Python, KeyError: "There is no item named '{filename}' in the archive-CodePudding

I am running a code to try to extract the length of each file in a directory. I cannot figure out why I am getting error : KeyError: "There is no item named 'Test1' in the archive"

Code:

from io import BytesIO
from pathlib import Path
from zipfile import ZipFile

import pandas as pd


def process_files(files: list) -> pd.DataFrame:
    file_mapping = {}
    for file in files:
        data_mapping = pd.read_excel(BytesIO(ZipFile(file).read(Path(file).stem)), sheet_name=None)

        row_counts = []
        for sheet in list(data_mapping.keys()):
            row_counts.append(len(data_mapping.get(sheet)))

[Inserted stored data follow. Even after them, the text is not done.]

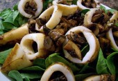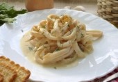 Кольца кальмаров, тушенные с луком в сметанном соусе.
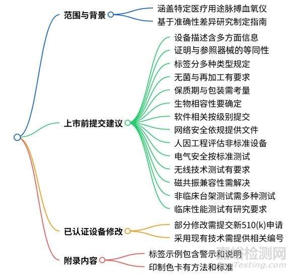 對(duì)不同類型(處方/非處方/已獲510(k)認(rèn)證)脈搏血氧儀,在標(biāo)簽內(nèi)容等方面有不同要求,并對(duì)各類測(cè)試及研究(非臨床臺(tái)架測(cè)試、臨床性能測(cè)試等)作詳細(xì)建議。該指南草案主要內(nèi)容梳理為以下思維導(dǎo)圖:
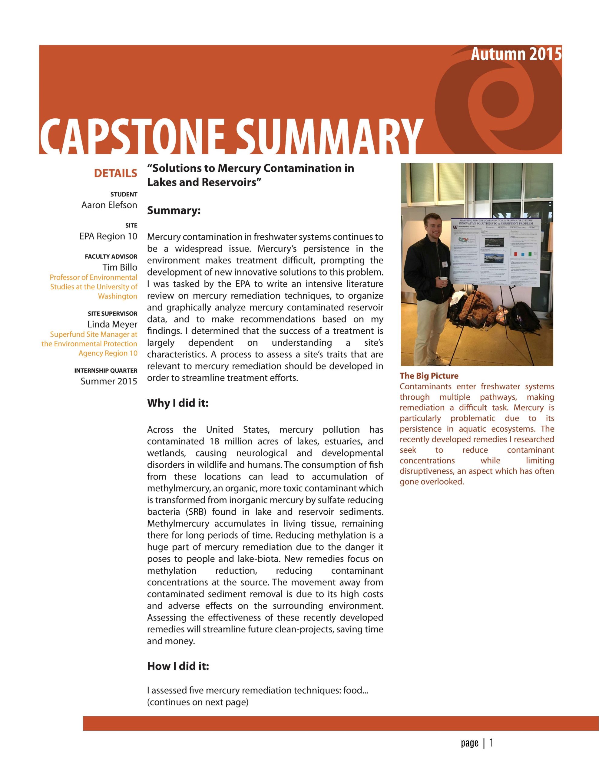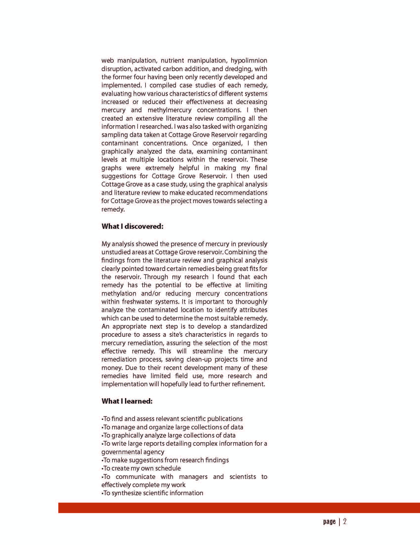 Mercury contamination in freshwater systems continues to be a widespread issue. Mercury’s persistence in the environment makes treatment difficult, prompting the development of new innovative solutions to this problem. I was tasked by the EPA to write an intensive literature review on mercury remediation techniques, to organize and graphically analyze mercury contaminated reservoir data, and to make recommendations based on my findings. I determined that the success of a treatment is largely dependent on understanding a site’s characteristics. A process to assess a site’s traits that are relevant to mercury remediation should be developed in order to streamline treatment efforts.
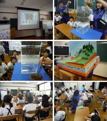 水は循環していることを立体模型(水蒸気が雲になり,雨を降らし,川から海に流れていく)を使って説明していただきました。水のろ過では,落ち葉混じりの茶色い水がフィルターを経てきれいになっていく様子を観察しました。
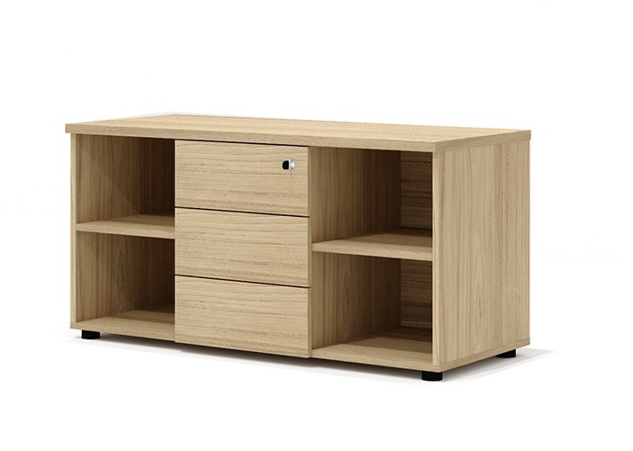 На нашей выставке, на Океанском проспекте, представлен прямой широкий стол в цвете швейцарский вяз с металлической опорами в цвете «Черный матовый», который установлен на сервисную тумбу. Прямой стол в сочетании с сервисной тумбой соответствует эргономике. Необходимая для ежедневной работы тумба находится на расстоянии вытянутой руки, что считается наиболее удачным расположение мебели. Сервисная тумба это вместительная и удобная тумба для вашего офиса. Используется для хранения офисных принадлежностей и бумаг, оргтехники.
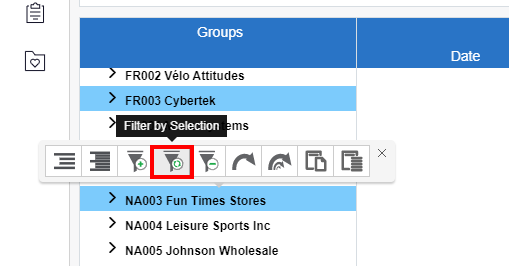 - Select one or more rows to be filtered.
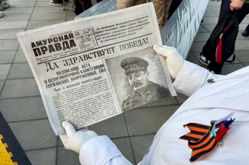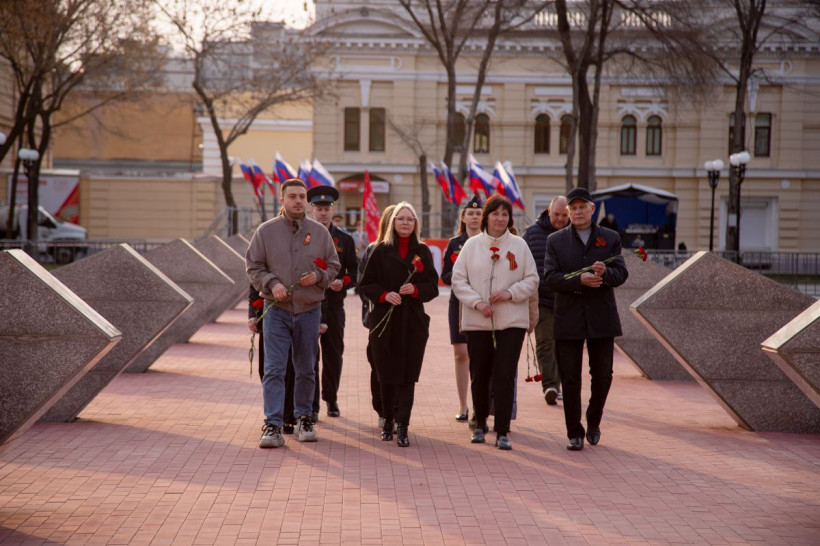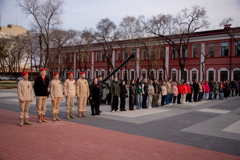 Далее, как рассказали в мэрии, участники акции «Рассвет нашей Победы» переместились на площадь Победы. На набережной Амура в это время звучали песни военных лет. Те, что пели наши солдаты в 1945 году в Берлине. Символично, что набережная в мае 80 лет назад представляла собой линию фронта. На правом берегу реки располагались войска милитаристской Японии.
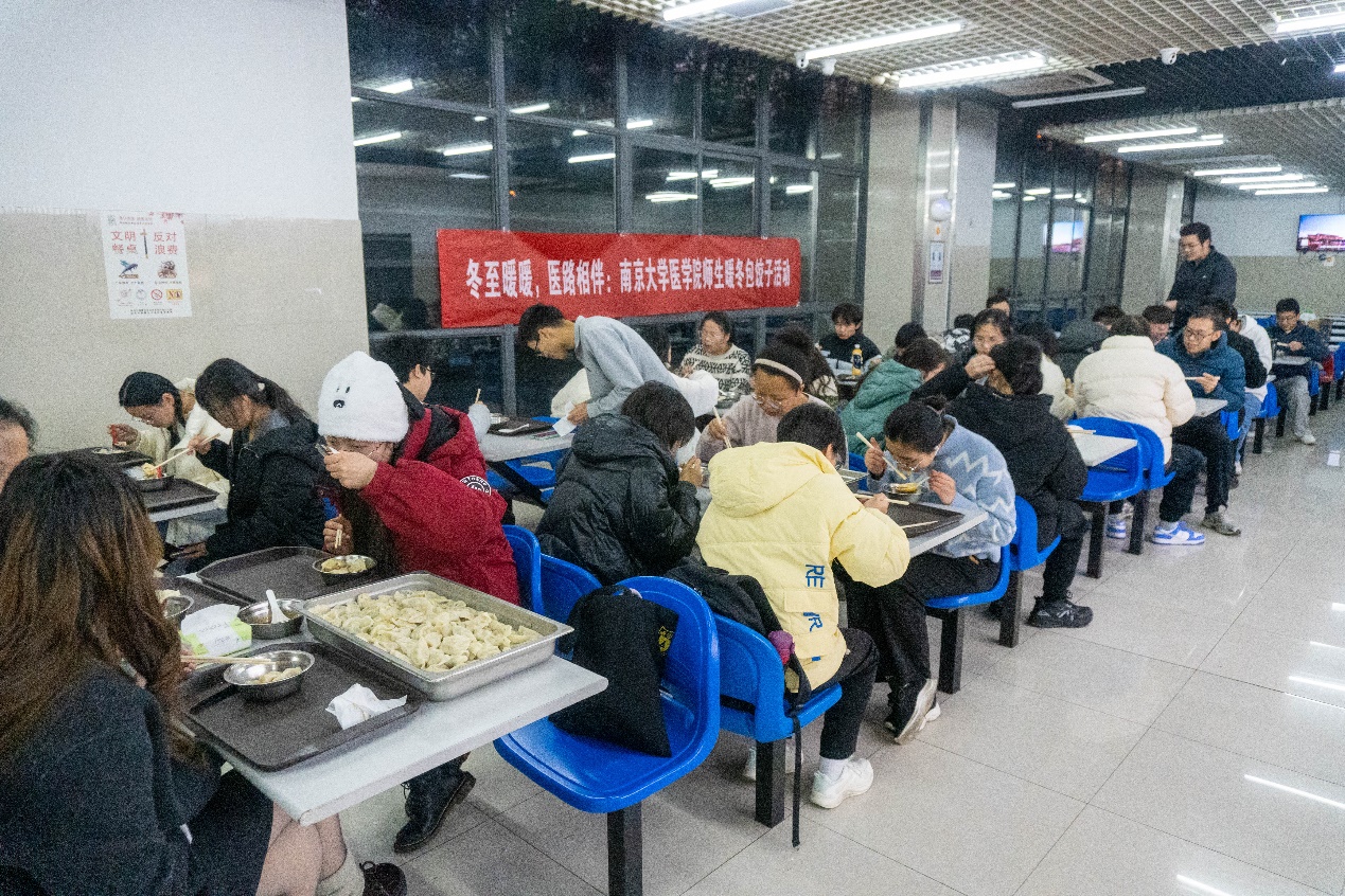 冬至,是中国传统节气中象征团聚与温暖的日子1221日下午,六合彩论坛 师生相聚仙林校区第四食堂,共同举办“冬至暖暖,医路相伴”师生暖冬包饺子活动,用一盘盘热气腾腾的饺子驱散冬日寒意,传递浓浓的师生情谊。六合彩论坛 党委副书记王阿妮、本科生辅导员高政参加活动。

        file_mapping.update({file: sum(row_counts)})

    frame = pd.DataFrame([file_mapping]).transpose().reset_index()
    frame.columns = ["file_name", "row_counts"]

    return frame




path = r'//Stack/Over/Flow/testfiles/'
zip_files = (str(x) for x in Path(path).glob("*.zip"))
df = process_files(zip_files)
print(df)

my files:

inside test1 zip:

any help would be appreicated.

Edit - How would I apply the code to the zip files in subdirectories like so? So within 2022 - 05 there would be zip files, and within 2022-06 there would be zip files, etc.

CodePudding user response：

For each file in your archive, you call this line:

ZipFile(file).read(Path(file).stem)

This means that within each zipfile given by file, you must have a file within the archive with the same name, but without the extension (i.e., the stem).

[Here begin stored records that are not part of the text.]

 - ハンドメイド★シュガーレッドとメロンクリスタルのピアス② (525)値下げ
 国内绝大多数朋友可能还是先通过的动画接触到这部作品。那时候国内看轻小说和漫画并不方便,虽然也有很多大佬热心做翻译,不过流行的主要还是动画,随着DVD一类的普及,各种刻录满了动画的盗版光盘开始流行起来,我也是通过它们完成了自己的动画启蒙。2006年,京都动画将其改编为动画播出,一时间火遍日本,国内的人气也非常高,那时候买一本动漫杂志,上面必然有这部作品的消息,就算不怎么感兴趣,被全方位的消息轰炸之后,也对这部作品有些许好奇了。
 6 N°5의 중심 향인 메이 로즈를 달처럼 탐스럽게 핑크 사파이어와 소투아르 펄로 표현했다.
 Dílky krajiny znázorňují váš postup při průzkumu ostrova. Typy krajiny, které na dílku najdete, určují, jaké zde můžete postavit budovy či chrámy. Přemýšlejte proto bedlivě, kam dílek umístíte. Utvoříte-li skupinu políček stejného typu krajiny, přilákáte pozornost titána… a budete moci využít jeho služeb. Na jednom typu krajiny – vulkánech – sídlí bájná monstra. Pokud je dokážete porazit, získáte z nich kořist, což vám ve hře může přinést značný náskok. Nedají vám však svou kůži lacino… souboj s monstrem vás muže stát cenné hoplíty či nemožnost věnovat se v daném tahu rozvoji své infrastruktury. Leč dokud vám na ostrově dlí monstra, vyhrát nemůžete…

So for this to work, you'd need to have a structure like this:

test1.zip
    test1
test2.zip
    test2

Instead, you have the file TestInside1.xls - very different from the filename test1. You have a number of options for constructing valid paths for file names inside the zip archive - for one, you could use ZipFile.namelist.

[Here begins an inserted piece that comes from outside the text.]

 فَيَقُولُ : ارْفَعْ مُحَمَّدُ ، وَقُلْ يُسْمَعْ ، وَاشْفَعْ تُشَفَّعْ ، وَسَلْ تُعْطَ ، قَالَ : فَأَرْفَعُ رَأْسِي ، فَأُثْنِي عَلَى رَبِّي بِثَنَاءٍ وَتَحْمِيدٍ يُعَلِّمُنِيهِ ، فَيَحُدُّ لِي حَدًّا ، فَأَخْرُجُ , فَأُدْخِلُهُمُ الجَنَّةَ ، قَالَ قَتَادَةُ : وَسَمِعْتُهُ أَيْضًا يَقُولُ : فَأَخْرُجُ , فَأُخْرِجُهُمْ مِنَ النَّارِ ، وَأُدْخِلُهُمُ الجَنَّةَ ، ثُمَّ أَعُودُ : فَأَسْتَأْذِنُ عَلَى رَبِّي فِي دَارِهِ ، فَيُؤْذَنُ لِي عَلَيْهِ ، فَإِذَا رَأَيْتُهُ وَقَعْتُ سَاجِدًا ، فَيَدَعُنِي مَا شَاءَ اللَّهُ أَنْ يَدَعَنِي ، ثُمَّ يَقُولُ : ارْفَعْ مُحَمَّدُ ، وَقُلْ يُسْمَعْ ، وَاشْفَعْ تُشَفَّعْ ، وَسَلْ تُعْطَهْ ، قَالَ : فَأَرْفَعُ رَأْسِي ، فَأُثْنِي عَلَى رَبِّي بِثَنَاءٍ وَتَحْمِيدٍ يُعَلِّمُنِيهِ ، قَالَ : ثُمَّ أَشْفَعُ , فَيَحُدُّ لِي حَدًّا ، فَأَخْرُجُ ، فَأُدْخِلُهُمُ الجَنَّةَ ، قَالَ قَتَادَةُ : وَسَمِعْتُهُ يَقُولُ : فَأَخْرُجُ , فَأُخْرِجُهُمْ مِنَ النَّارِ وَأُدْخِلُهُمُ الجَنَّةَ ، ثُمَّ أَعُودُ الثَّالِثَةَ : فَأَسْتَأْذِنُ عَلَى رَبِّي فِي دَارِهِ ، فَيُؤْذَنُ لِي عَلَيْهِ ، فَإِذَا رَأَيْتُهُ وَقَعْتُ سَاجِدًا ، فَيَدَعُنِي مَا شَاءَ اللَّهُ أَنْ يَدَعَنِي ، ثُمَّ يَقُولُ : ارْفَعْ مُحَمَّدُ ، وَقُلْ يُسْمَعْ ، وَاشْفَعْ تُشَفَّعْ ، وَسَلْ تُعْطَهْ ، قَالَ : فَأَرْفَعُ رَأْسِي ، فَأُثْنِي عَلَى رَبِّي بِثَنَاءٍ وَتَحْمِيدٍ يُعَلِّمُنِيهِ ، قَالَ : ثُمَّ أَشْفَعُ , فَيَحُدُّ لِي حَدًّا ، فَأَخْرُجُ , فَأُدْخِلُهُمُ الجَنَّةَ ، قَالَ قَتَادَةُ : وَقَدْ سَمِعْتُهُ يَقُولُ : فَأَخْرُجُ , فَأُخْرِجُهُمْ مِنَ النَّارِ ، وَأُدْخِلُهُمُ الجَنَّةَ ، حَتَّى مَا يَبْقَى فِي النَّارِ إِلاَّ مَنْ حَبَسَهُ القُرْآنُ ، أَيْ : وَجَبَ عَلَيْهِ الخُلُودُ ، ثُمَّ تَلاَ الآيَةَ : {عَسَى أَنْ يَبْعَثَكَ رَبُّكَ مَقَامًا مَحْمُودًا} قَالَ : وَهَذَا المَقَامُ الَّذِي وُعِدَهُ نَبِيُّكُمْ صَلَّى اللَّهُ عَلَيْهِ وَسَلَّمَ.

For example, you could replace this:

data_mapping = pd.read_excel(BytesIO(ZipFile(file).read(Path(file).stem)), sheet_name=None)

with this:

archive = ZipFile(file)

# find file names in the archive which end in `.xls`, `.xlsx`, `.xlsb`, ...
files_in_archive = archive.namelist()
excel_files_in_archive = [
    f for f in files_in_archive if Path(f).suffix[:4] == ".xls"
]
# ensure we only have one file (otherwise, loop or choose one somehow)
assert len(excel_files_in_archive) == 1

# read in data
data_mapping = pd.read_excel(
    BytesIO(archive.read(excel_files_in_archive[0])),
    sheet_name=None,
)